Untuk itu, berbagai upaya perlu terus didorong agar produktivitas perempuan di dunia kerja bisa optimal. Upaya tersebut seperti pendidikan dan pelatihan untuk meningkatkan kapasitas perempuan, penghapusan diskriminasi jender di tempat kerja, serta bebas dari kekerasan dan pelecehan di tempat kerja.
Sebelumnya, Sekretaris Kementerian Pemberdayaan Perempuan dan Perlindungan Anak (KPPPA) Pribudiarta Nur Sitepu menuturkan, pendidikan sangat berpengaruh pada isu jender di dunia kerja.
Pada golongan kerja dengan pendidikan tinggi, kesenjangan antara perempuan dan laki-laki hanya sekitar 1 persen. Namun, pada golongan kerja dengan pendidikan semakin rendah seperti buruh dan tani, kesenjangan upah semakin besar.
“Untuk itu, saat ini kami terus mendorong adanya pemerataan pendidikan dan pelatihan bagi perempuan, terutama di daerah pinggir. Tujuannya, agar semakin banyak perempuan yang bisa bekerja di sektor formal,” ucapnya.

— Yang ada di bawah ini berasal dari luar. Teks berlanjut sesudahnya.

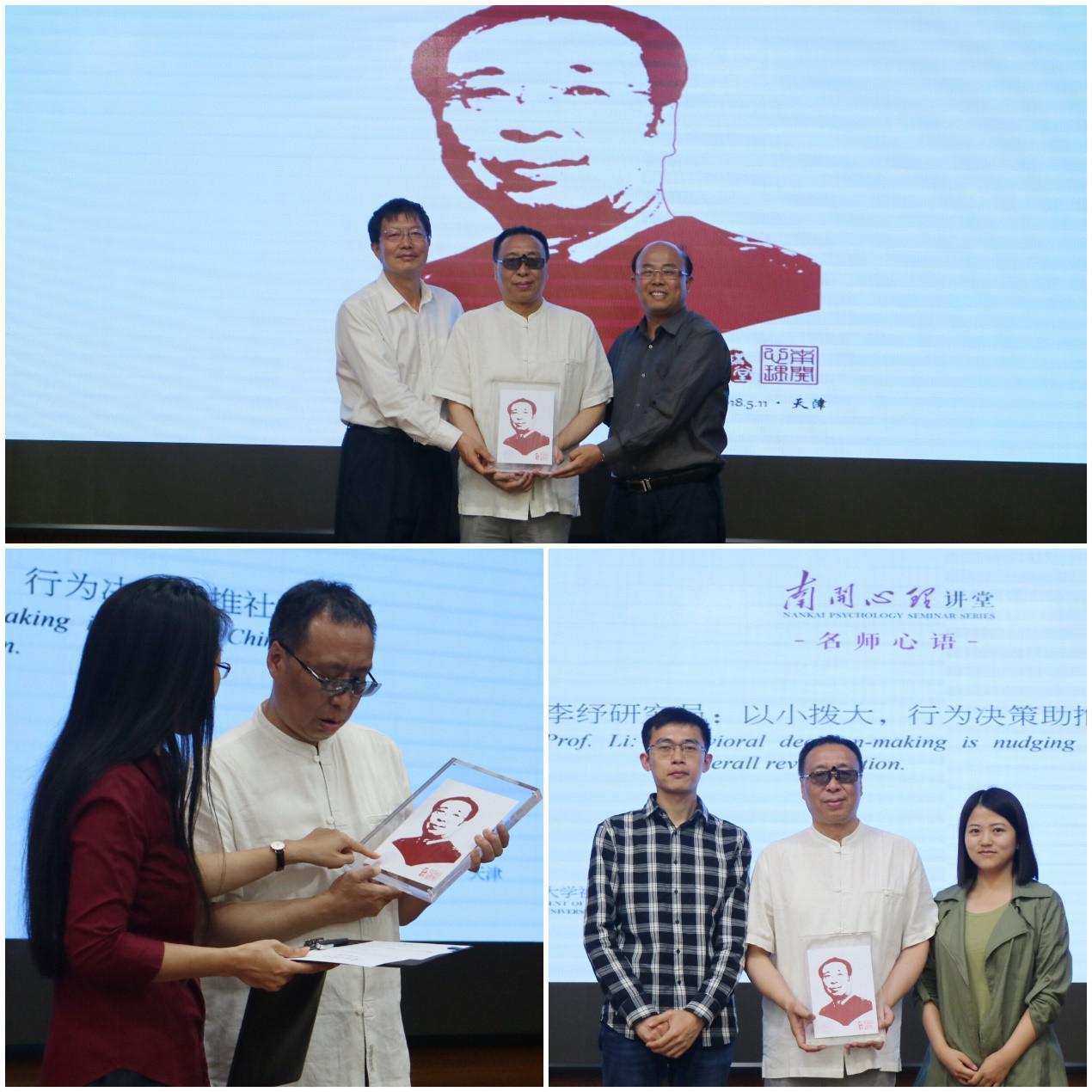 报告结束后,李纾与在座师生就心理学的未来发展做了深入交流,并欣然接受了社会心理学系系主任李强教授和汪新建教授赠与的南开心理讲堂特制的纪念品,纪念品正面为李纾的剪纸肖像,背面为李纾的专业思想主张“以小拨大:行为决策助推社会发展”,完美契合了科学心理学人文性与科学性兼备的专业特点。最后,本次讲座在李纾和南开社会心理学系教授汪新建,李强,及其爱徒的合影留念中落下了完满帷幕。

Selain pendidikan, pemerintah melalui KPPPA juga mendorong pemberdayaan perempuan melalui pembentukan Undang-Undang Kesetaraan Jender.
Pribudiarta menyampaikan, Indonesia telah meratifikasi Konvensi Penghapusan Segala Bentuk Diskriminasi terhadap Perempuan menjadi Undang-Undang Nomor 7 tahun 1984 Namun, hingga saat ini belum ada Undang-Undang tentang Kesetaraan Jender. “Kita harapkan dalam dua tahun ini, pada 2019 nanti UU ini bisa terwujud,” katanya.
Komitmen industri
Selain pemerintah, komitmen industri juga sangat dibutuhkan agar kesetaraan jender tidak sekadar isu saja. President Director Telkomtelstra, Erik Meijer, meyakinkan, pihaknya akan mendorong kesetaraan jender dan ketercakupan tenaga kerja perempuan di perusahaannya.
“Kami dorong dengan berbagai program, seperti waktu kerja yang fleksibel, adanya fasiliyas ruang laktasi bagi ibu menyusui, cuti melahirnya selama tiga bulan, dan cuti bagi karyawan laki-laki yang baru saja menjadi ayah selama dua minggu,” katanya.
Selain itu, komitmen lain yang juga dilakukan melalui kebijakan perusahaan yang memastikan adanya kesempatan yang sama bagi karyawan perempuan untuk mengisi posisi kepemimpinan. Ia mendorong keseimbangan jender dalam posisi kepemimpinan dengan memberikan pelatihan yang sama bagi karyawannya.